Grundsätzlich mag ich die „Enemies-to-Lovers“-Trope sehr, vor allem wegen der eigentlich schon vorprogrammierten Schlagabtausche. Die Chemie zwischen Georgia und Luca hat für mich gestimmt. Luca wird zwar erst als der typische Posterboy und Sohn eines berühmten Vaters eingeführt, ist aber – wie man es sich für eine gute Story wünscht – natürlich nicht so oberflächlich, wie es scheint. Was ich dabei wirklich mochte: Luca ist eigentlich ein „Netter“. Ich kann es nicht leiden, wenn die Frau in solchen Geschichten nur dazu da ist, ihr männliches Pendant anzuschmachten. Das hätte hier auch wirklich gar nicht zu Georgias starker Persönlichkeit gepasst. Beide Figuren begegnen sich auf Augenhöhe und Luca kann akzeptieren, dass Georgia manche Dinge einfach besser macht.

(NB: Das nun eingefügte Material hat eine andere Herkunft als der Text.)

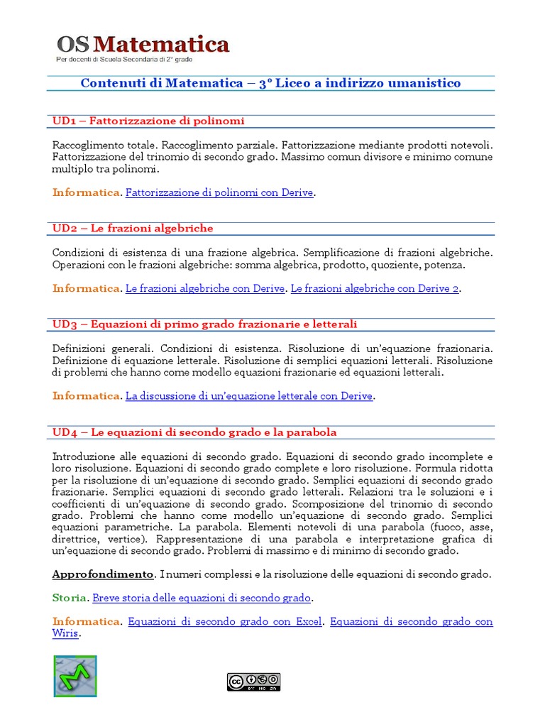 Programma Di Matematica Per Il Iii Anno Di Liceo Ad Indirizzo

Mein einziger kleiner Kritikpunkt ist Georgias extreme Reaktion auf ein geplatztes Date von früher. Luca ist damals nicht aufgetaucht, und dass sie ihn deshalb jahrelang regelrecht hasst, fand ich etwas drüber. Aber okay, sie war da Anfang 20 und steckte voller Träume – und irgendwie muss der „Hass“-Teil der Geschichte ja begründet werden, damit die Trope am Ende funktioniert.

Fazit:
Insgesamt ein echt schönes Buch für zwischendurch. Wer Lust auf eine Lovestory mit echtem Rennsport-Feeling und Charakteren hat, die sich nicht nur gegenseitig anschmachten, sondern sich wirklich was zu sagen haben, macht hier nichts falsch.